While the marketplace of menstrual cycle tracking and other reproductive health apps is fraught with inaccuracies and misinformation [30, 66], there are a small number that meet adequate standards, with a US study finding 18% of the reviewed menstrual cycle tracking apps were accurate [30], and a recent study validating some components of a fertility app [67]. Additionally, around 90% of women have a ‘normal’ cycle frequency (between 24 and 38 days) [68], thus apps that may have flaws in their content relating to those with irregular cycles, may still be beneficial to a majority of users with no cycle irregularity Further research into education gained from apps could involve testing the knowledge of a sample of women before and after prolonged periods using an accurate menstrual tracking application purposed for fertility awareness. Additionally, further analyses linking the quality of apps used by respondents to their demonstration of fertility knowledge obtained from the survey would enable the link between app use and knowledge to be understood in greater detail.

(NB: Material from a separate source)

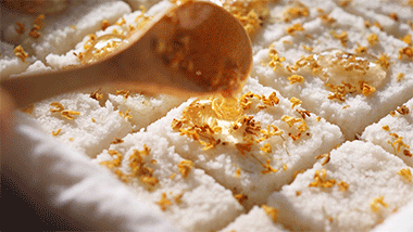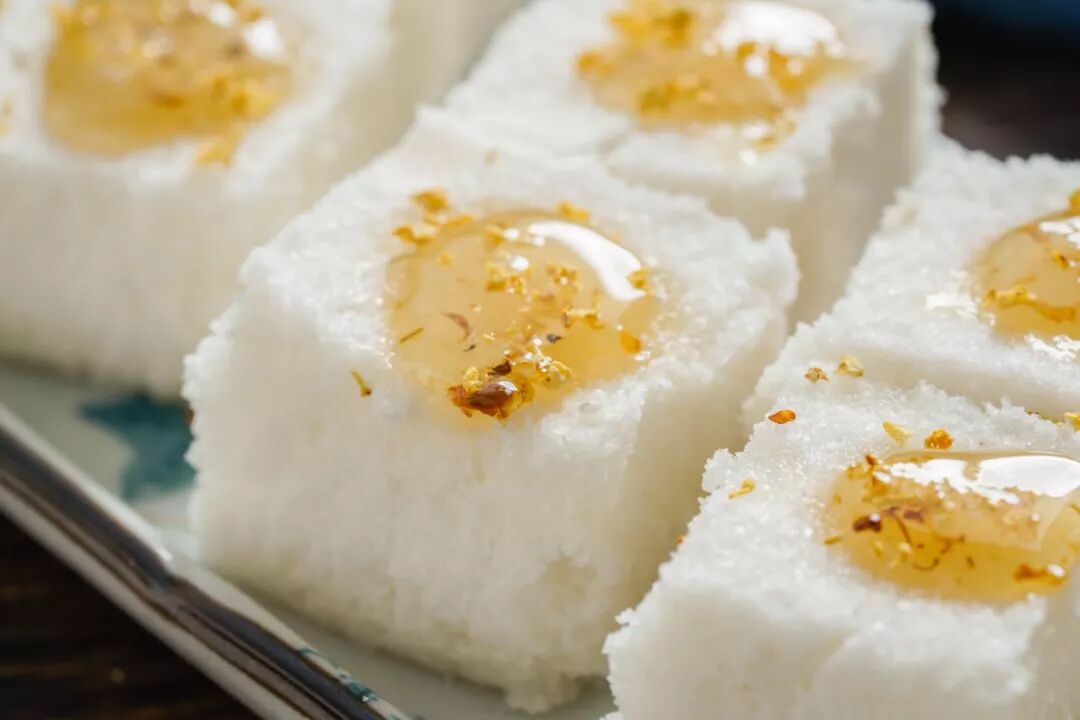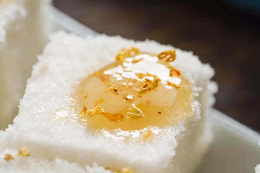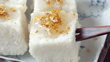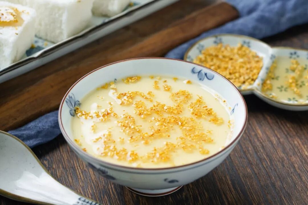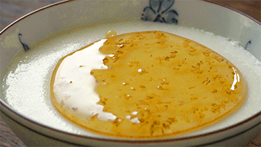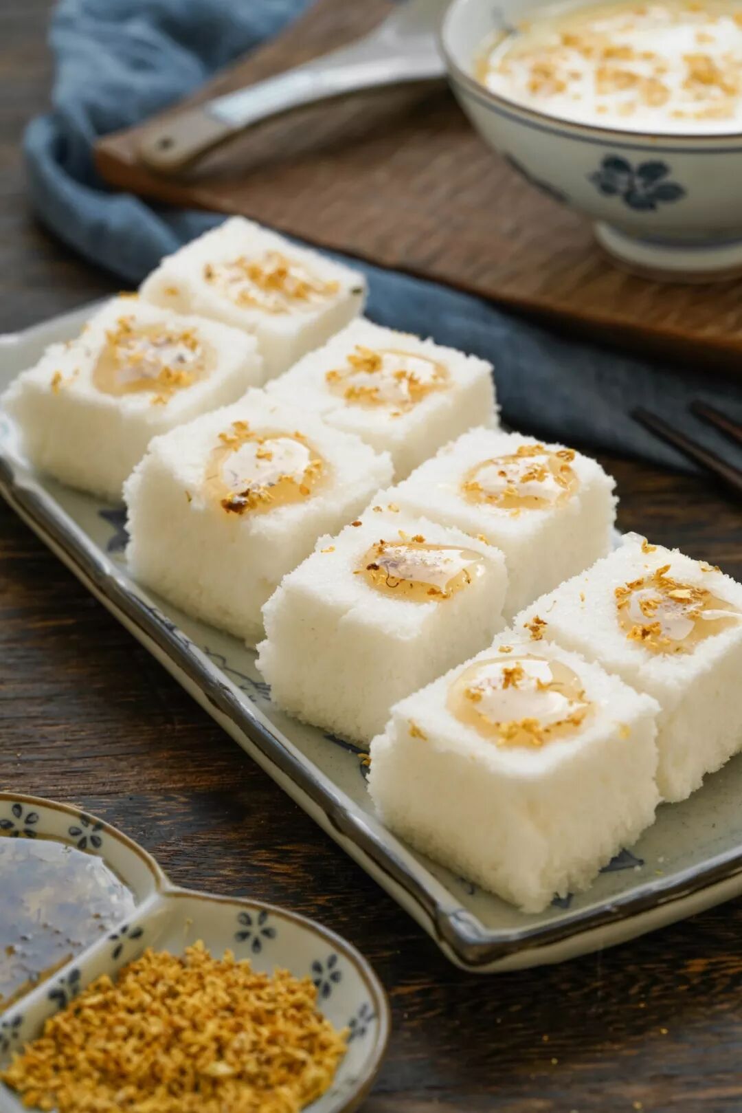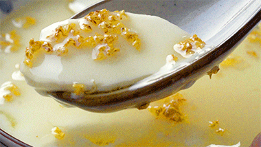 这时候如果再配一碗滑嫩的桂花炖奶刚刚好,中和了米糕的口感,让桂花的甜蜜在嘴里变得愈加香浓。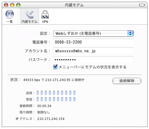 | 2、[内蔵モデム]という画面が表示されます。「接続」ボタンを押すと接続が開始されます。 | ||

Although not associated directly with app use, an additional and important finding from this study was the observation that women with a history of conception (p < 0.001) or who were actively seeing to get pregnant (p < 0.001) were more aware of the miscarriage rate (p < 0.001 in adjusted model). This is consistent with findings that the general population often underestimate the prevalence of miscarriage [37], and couples who have experienced miscarriage reported that they were not previously aware of the frequency in which it occurs in the people around them [69]. As miscarriage is not often discussed amongst the general population, it is likely that lived experience was responsible for the significant differences in response rates to this question in women who had conceived in the past or that were trying to conceive.

Conclusions

This study has provided preliminary evidence for an association between fertility knowledge and reproductive health app use. This will be able to inform public health strategies aimed at increasing awareness of fertility throughout a woman’s reproductive years. Fertility knowledge and awareness are important, not only for family planning, but for young people to have realistic expectations and make lifestyle choices accordingly. The association between knowledge and app use in this study while significant, had a small effect size, and covered only one aspect of fertility. This may be a reflection of the disadvantages in the apps themselves as discussed above, or a reflection of the limited knowledge of the general population. In both cases, the distribution of fertility information to women is imperative, and should be delivered in a way that is highly accessible, and likely to be received by women. Smartphone applications may be one such avenue for the dissemination of this information, and this study presents a novel opportunity for public health interventions using this method. Regardless of the sources developing them, mobile phone applications play an increasingly important role in the provision of personal health information [41], and this study provides an insight into how smartphone applications may be able to educate women about their own fertility.